Automated Market Makers (AMMs)
On different blockchain methods it’s common for contracts often called AMMs for use to (for instance) peg the ratio between two tokens by shopping for and promoting at a hard and fast value. The foundations that may be encoded in an AMM are past the scope of this text. Suffice it to say that AMMs create big alternatives for MEV and due to the non-public trade relationships wanted to maximise the returns on that MEV additionally centralizing MEV. This has usually been used as an argument in opposition to constructing extra expressive bitcoin scripts – we genuinely do wish to keep away from exposing the bitcoin community to the vagaries of centralizing MEV. Nonetheless, as I’ve described above there merely is not any sensible approach for bitcoin scripts, regardless of how expressive, to guage the state of any token apart from bitcoin. Bitcoin scripts can not find a uncommon sat. They cannot discover a Rune stability. They cannot determine a Taproot Asset.
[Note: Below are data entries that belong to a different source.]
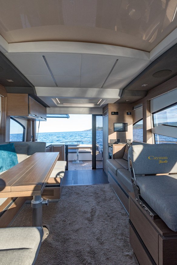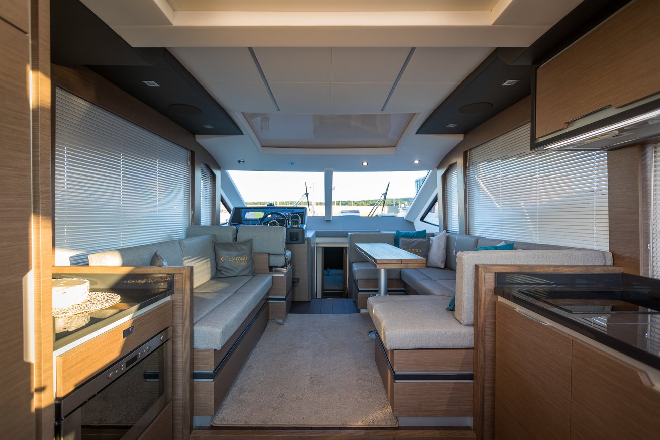 Inside, the Cayman S520 boasts an exquisite interior designed by renowned Italian artisans, featuring luxurious accommodations for up to 8 guests. The spacious layout includes two elegantly appointed cabins, ensuring a comfortable stay for all aboard. The open-plan living area is perfect for entertaining, while the state-of-the-art galley provides all the amenities needed for gourmet dining experiences.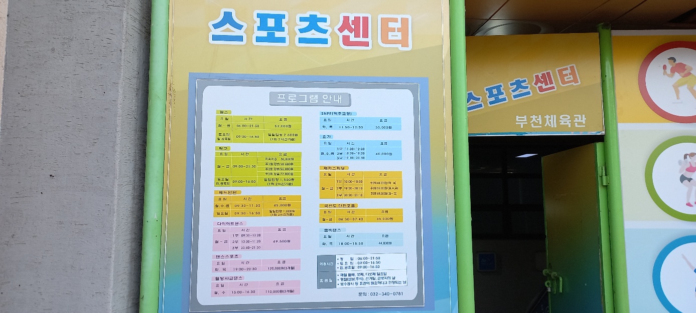 부천 실내 체육관의 1층은 농구 전용 구장이다. 그래서 지하 1층에 탁구장, 헬스장, 요가교실 등이 있다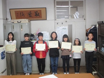 1年生から6年生までの受賞者が校長室で校長先生より賞状を渡していただきました。
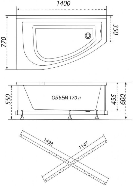 Дополнительно комплектуется: каркас, панель, смеситель, сифон. |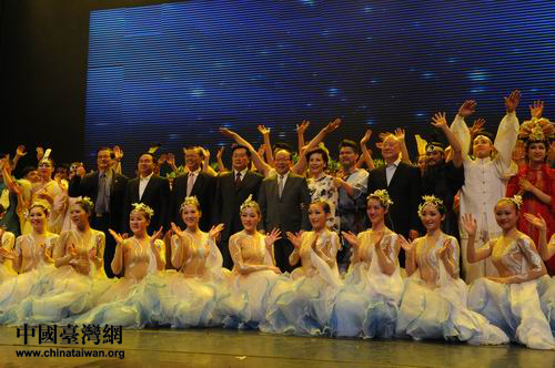 演出结束后,两岸的嘉宾与演员合影。(湖北省台办 陆胜 摄)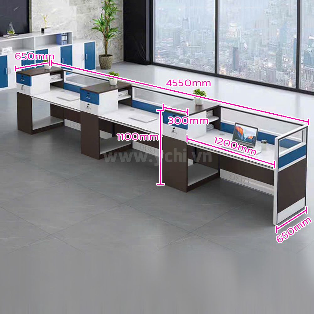 Cụm Bàn Làm Việc 3 Người Không Gian Panel Space YCHIJS093 có nhiều kích thước khác nhau và nhiều màu sắc để khách hàng quyết định. Bảng màu sắc được cập nhật thường xuyên đảm bảo bắt kịp xu hướng nội thất mới. Đội ngũ nhân viên tư vấn chuyên nghiệp của YCHI luôn sẵn sàng hỗ trợ khách hàng, đưa ra những lời khuyên hữu ích để bạn có sản phẩm ưng ý nhất. Liên hệ Zalo bên cạnh hoặc gọi trực tiếp Hotline 0974.590.827, YCHI luôn sẵn sàng giải đáp các câu hỏi của khách hàng.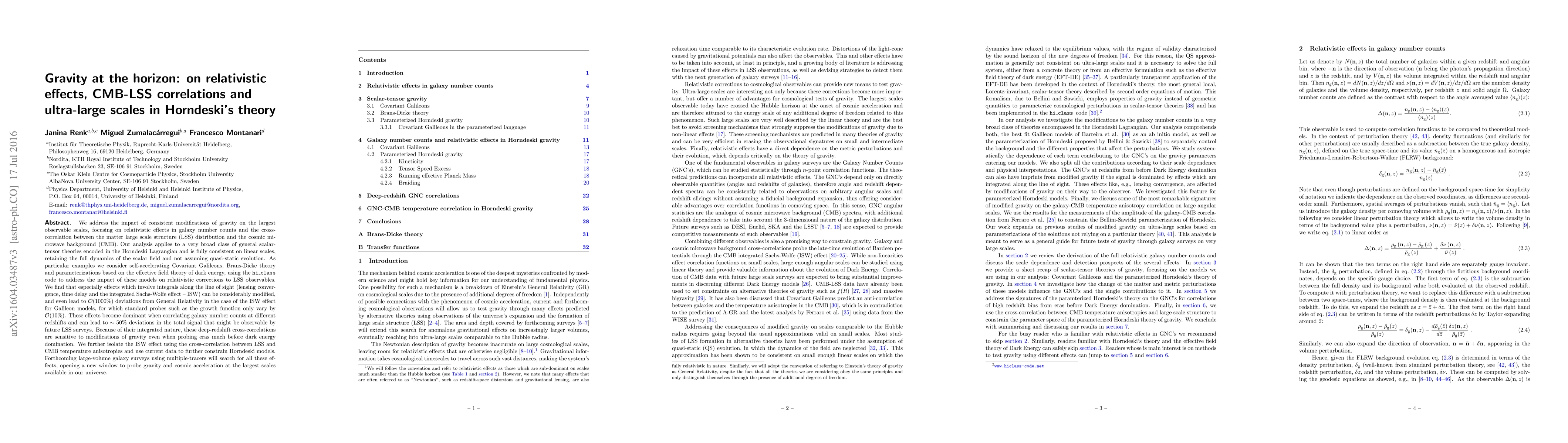 This paper investigates relativistic effects in Horndeski's theory on ultra-large scales, finding significant modifications to observables like lensing convergence and the integrated Sachs-Wolfe effect, which can deviate by up to 1000% from General Relativity in certain models. These effects are crucial for correlating galaxy number counts and can lead to observable deviations in future large-scale structure surveys.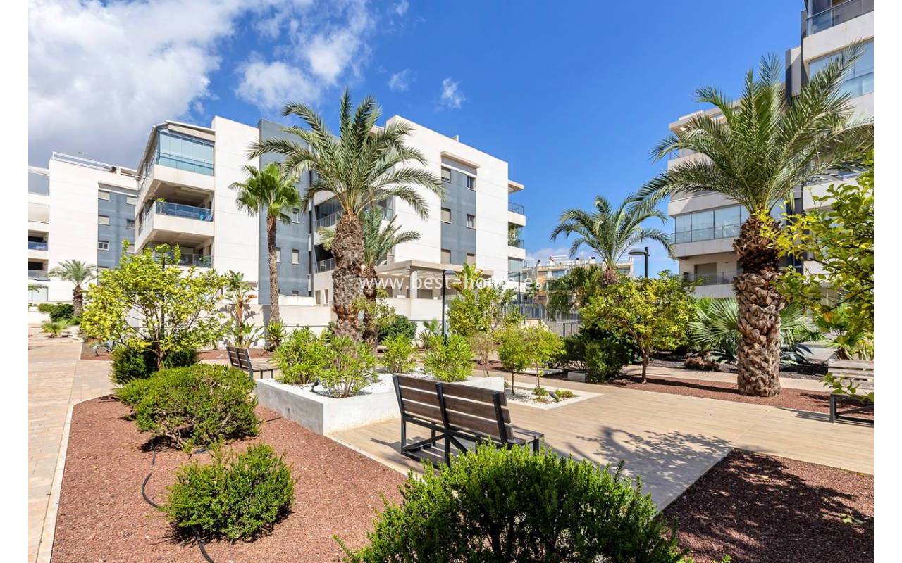 This modern first-floor apartment offers a high level of comfort and access to excellent communal facilities. It features two cozy bedrooms and two bathrooms, with large windows that fill the interior with natural light. The property is situated within an upscale, gated residential complex that provides beautiful swimming pools, a gym, children’s playgrounds and ping-pong tables, making it an ideal choice for families and those seeking an active lifestyle. Its great location close to shops, restaurants and local amenities adds to its everyday convenience.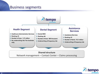 Tempo reported strong financial results in 2Q08, with net revenue increasing 27% to R$169 million and EBITDA growing 87% to R$18.9 million. The health segment saw revenue growth of 37% and a 15.5% EBITDA margin. The dental segment, including recent acquisitions, grew revenue 202% with a 24.7% EBITDA margin. The assistance segment grew revenue 13% with an 11.7% EBITDA margin. Tempo continues to grow organically and through acquisitions while maintaining asset-light operations.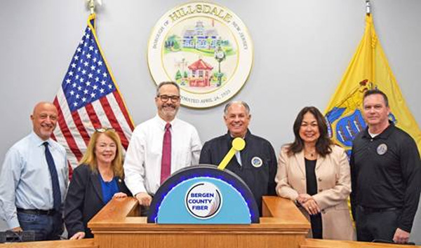 (HILLSDALE, NJ) -- Standing inside the Council Chambers at Hillsdale Borough Hall, Bergen County Executive Jim Tedesco and County Commissioners Mary Amoroso and Germaine Ortiz joined Mayor Michael Sheinfield to mark the Borough's official connection to the Bergen Fiber Network—a high-speed, county-owned broadband system providing municipalities with faster, more secure internet service while cutting costs for taxpayers.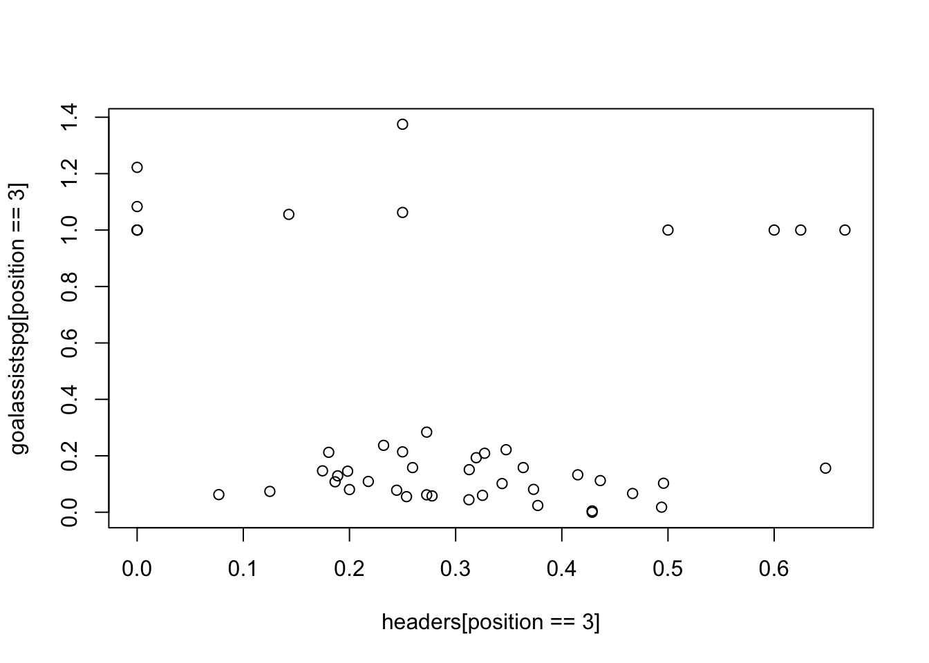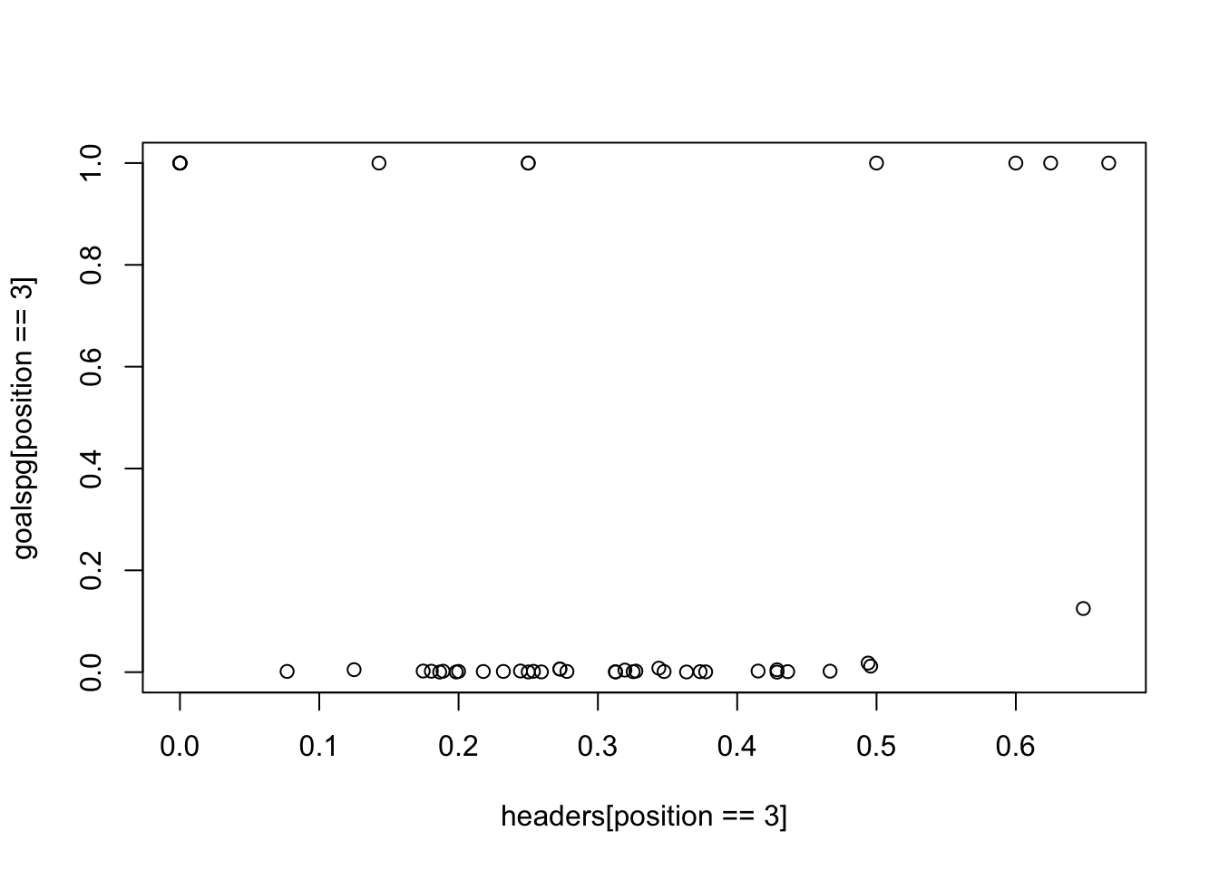plot(goalassistspg [position ==3] ~ headers [position ==3])

With out entry to any details about the disposition of non-bitcoin property, your entire idea of a bitcoin script primarily based AMM ceases to make sense. Token places might be attested to by a signature from an oracle, however oracle attestations don’t make an AMM. They can be utilized to facilitate particular guide trades, however not a sturdy automated system. Furthermore, such an oracle-based system may very well be constructed in the present day with no adjustments to bitcoin.
Conclusion
As you’ll be able to hopefully see, CAT just isn’t such a frightful beast. It is not likely a lot of a beast in any respect. It has neither infinite functionality nor magical powers. It is just a bit opcode that may be very useful. The one factor we in all probability wish to keep away from is activating OP_CAT with out one other solution to do transaction introspection, corresponding to OP_TXHASH, OP_TX, or each. Even enabling it with LNHANCE is an enchancment on OP_CAT alone as a result of it reduces the scale and complexity of the scripts wanted to realize many OP_CAT introspection protocols.
I feel at this level, the "CAT introduces infinite every little thing" has been lowered to ~nothing.It introduces useful introspection in a shitty approach that no one ought to use. To assist folks not use it, we must always allow CAT together with TXHASH or comparable.https://t.co/nvnxYn66Um https://t.co/1Ag5TwjuUw
— Rearden 🍯🦡 🦢 | embrace forks (@reardencode) Might 17, 2024
It is a visitor put up by Brandon Black. Opinions expressed are completely their very own and don’t essentially mirror these of BTC Inc or Bitcoin Journal.